**What is expected:**
Print each line below verbatim, skipping every picture.

**Dataset content:**
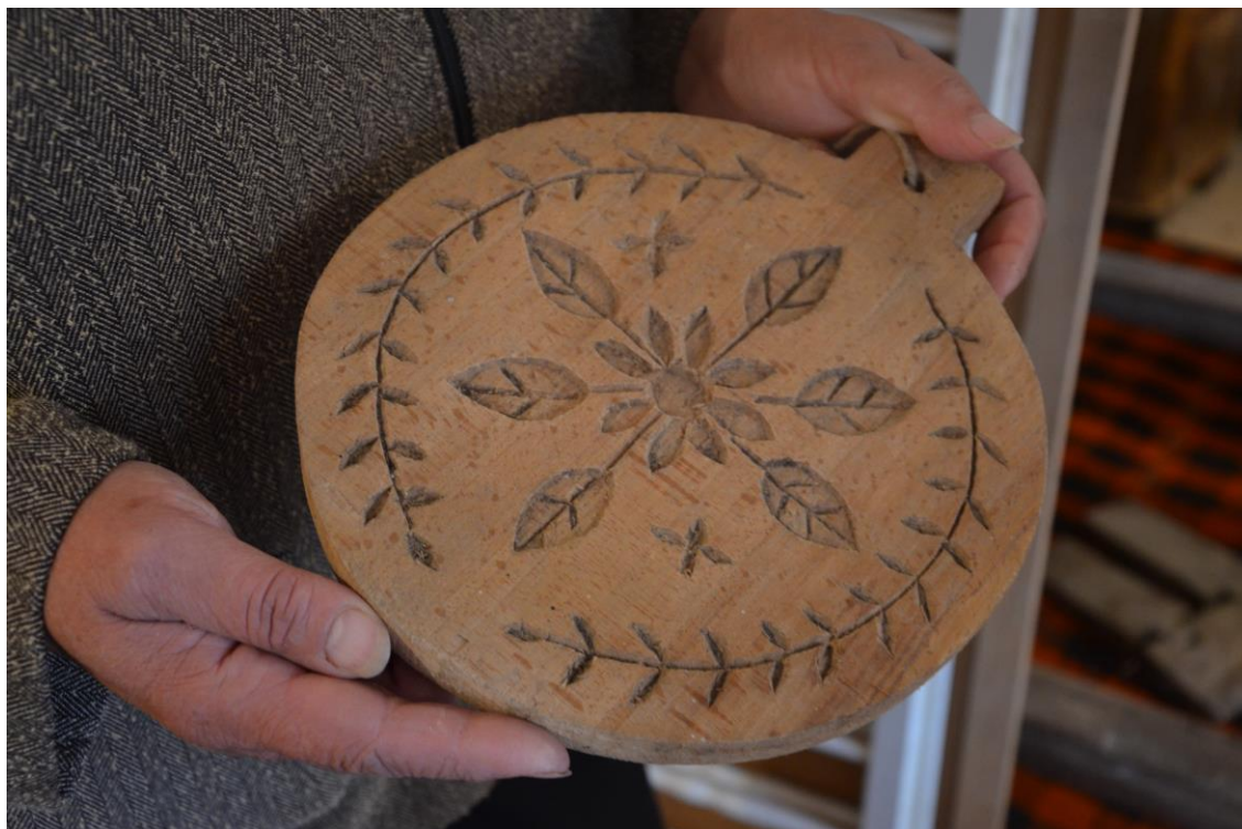
Slikovni prilog 4. Drveni kalup za paprenik

radnici nekoć koristili, a zatim nastavlja do preslice hvaleći se svojim sposobnostima pređenja.
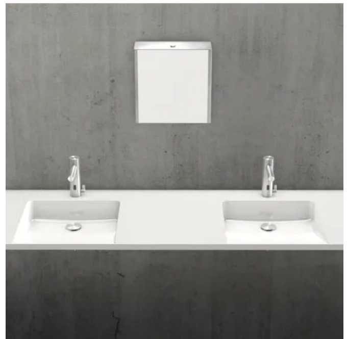
EXOS. Reihenwaschtisch aus Mineralgranit

EXOS. Waschtische lassen sich perfekt mit Waschtischarmaturen und weiteren Accessoires von KWC Professional kombinieren.
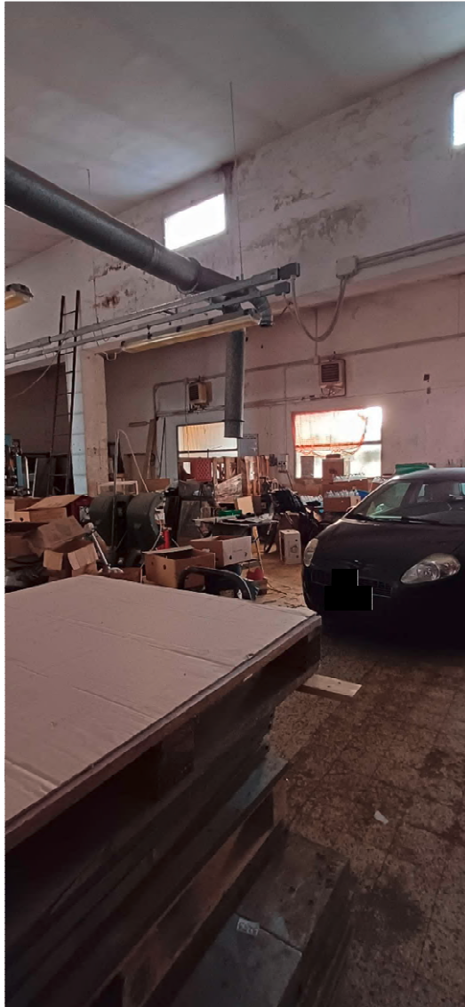
Fotografia nr 5 vista interna laboratorio
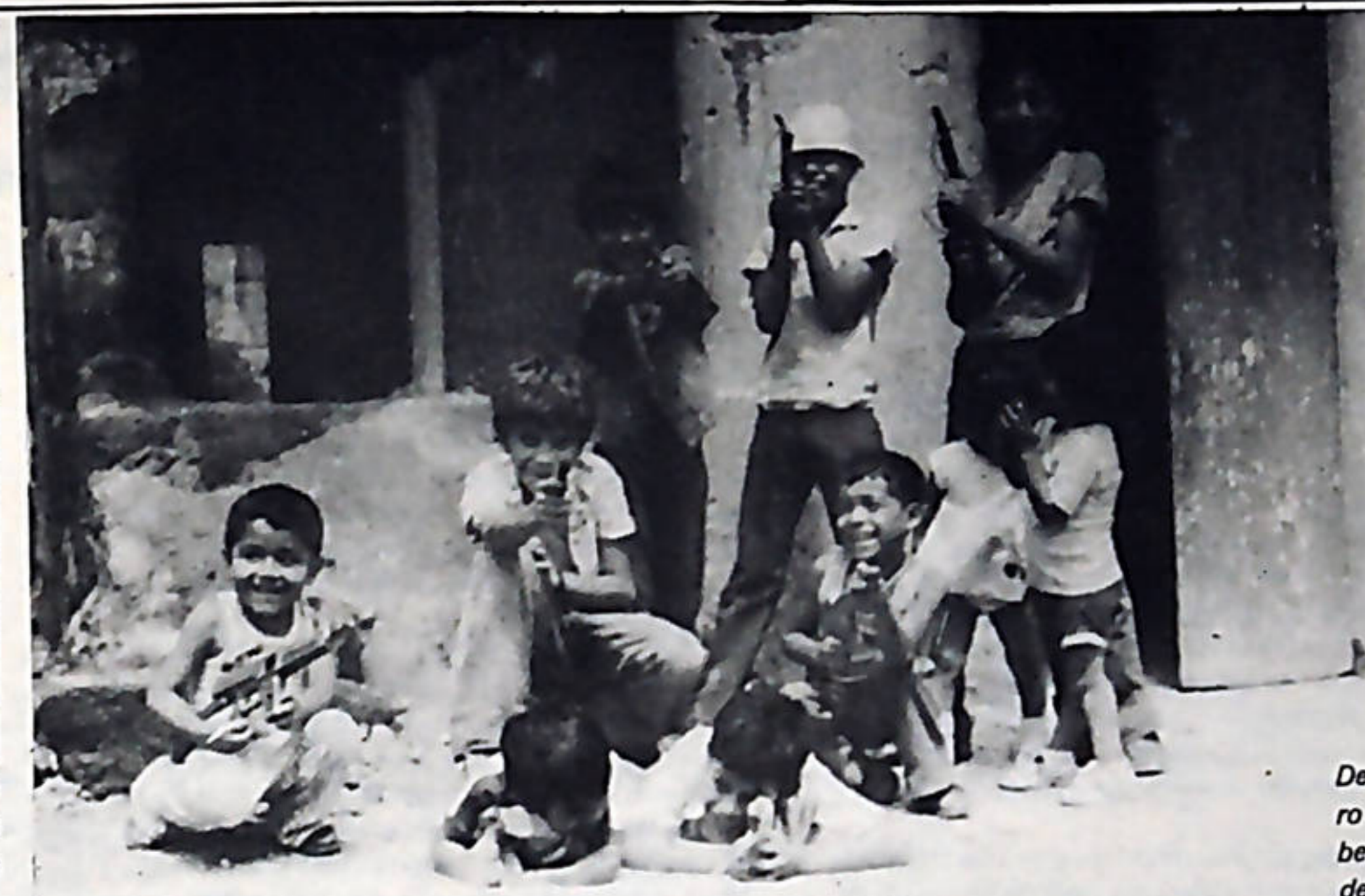
De ellos es el futuro de justicia y libertad... y sabrán defenderlo

**Problem solution:**
Slikovni prilog 4. Drveni kalup za paprenik

radnici nekoć koristili, a zatim nastavlja do preslice hvaleći se svojim sposobnostima pređenja.
EXOS. Reihenwaschtisch aus Mineralgranit

EXOS. Waschtische lassen sich perfekt mit Waschtischarmaturen und weiteren Accessoires von KWC Professional kombinieren.
Fotografia nr 5 vista interna laboratorio
De ellos es el futuro de justicia y libertad... y sabrán defenderlo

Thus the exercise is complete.